If each couple were to have no more children than those necessary to replace themselves, developing-country populations would still continue to grow because of their young age structures. This is illustrated in Figure 2 with population pyramids, which show the distribution of population by age and sex. Each cohort (each group of people born in contiguous years) moves upward in the pyramid as it ages, and the upper levels of the pyramid therefore expand over time, as the contrast between 1995 and 2025 shows. Even if each cohort only reproduces itself (so that the lowest rung of the pyramid resembles the preceding ones), population will still grow, especially at older ages. This phenomenon, known as population momentum, will account for almost three-quarters of the population growth in developing countries over the next 25 years and for practically all the growth in East Asia.
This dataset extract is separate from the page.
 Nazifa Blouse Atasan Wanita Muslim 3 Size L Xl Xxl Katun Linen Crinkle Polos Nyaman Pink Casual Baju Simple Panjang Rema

Momentum is largely absent, by contrast, in the pyramid for industrial countries (the last pyramid), which has a narrow base.2
2Momentum can also be compared to the long-term interest on the national debt, continuing almost indefinitely into the future. The debt exists because of a previous excess of government expenses over revenue. Momentum exists because of a previous societal "excess" of births over deaths. The quicker a balanced budget is reached, the smaller the long-term debt. Similarly, the quicker a balance of fertility and mortality is reached, the smaller the long-term population momentum. If a balanced budget cannot be reached this year, reducing the deficit will at least slow the growth in the national debt. Likewise, reducing fertility will at least slow the increase in population momentum. Even if the government achieves a balanced budget, and keeps it balanced indefinitely, interest charges will continue on the accumulated debt. Even if fertility stays at replacement level indefinitely, population will continue to grow because of the accumulated momentum. Finally, just as only applying a government budget surplus to the principal on the national debt will reduce future interest payments, only fertility below replacement will reduce future population momentum.
Figure 2 - Population Pyramids:
Distribution of Population by Age and Sex (millions)
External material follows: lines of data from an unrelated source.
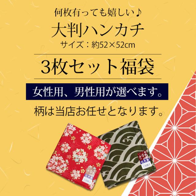 ハンカチ 大判ハンカチ 和柄 3枚セット 福袋 日本製 2022年 かわいい 花柄 女性用 男性用 おしゃれ レディース メンズ まとめ買い 綿100% 送料無料 k_name
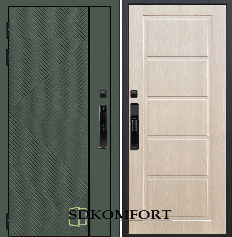 Внешняя сторона : Лист металла 1.8мм. + МДФ 12мм. Цвет "Оливия"
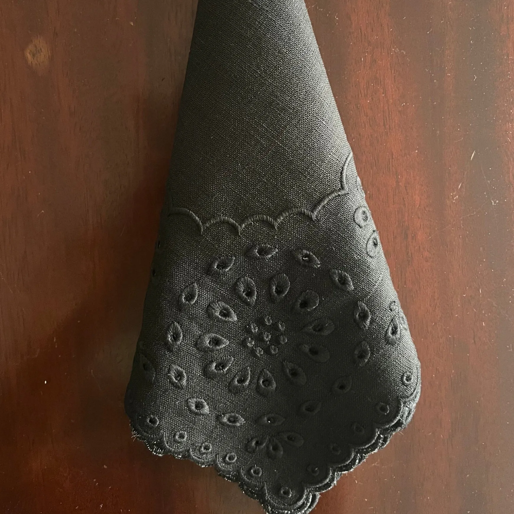 A set of dinner napkins featuring a timeless elegant eyelet pattern

SOURCE: World Bank (1997a, 1997b) and projections using the model used there.
Continued substantial population growth can be expected in every developing-country region. Of the 1.8 billion additional people that can be expected in the next 25 years, East and Southeast Asia and the Pacific will contribute about 400 million (Figure 3). More will come from sub-Saharan Africa (almost 500 million) and South Asia (480 million). The increments will be smaller, but still substantial, in the Middle East crescent (260 million for this band of mostly Islamic countries stretching from Morocco to Kazakhstan) and in Latin America and the Caribbean (170 million). Although population growth will be most impressive in sub-Saharan Africa - leading to a population 75-percent larger by 2025 than it is today - other regions will also show impressive expansion. Latin America, for instance, will have 33 percent more people by 2025, and much of the increase will undoubtedly go to expand such already massive urban agglomerations as Mexico City.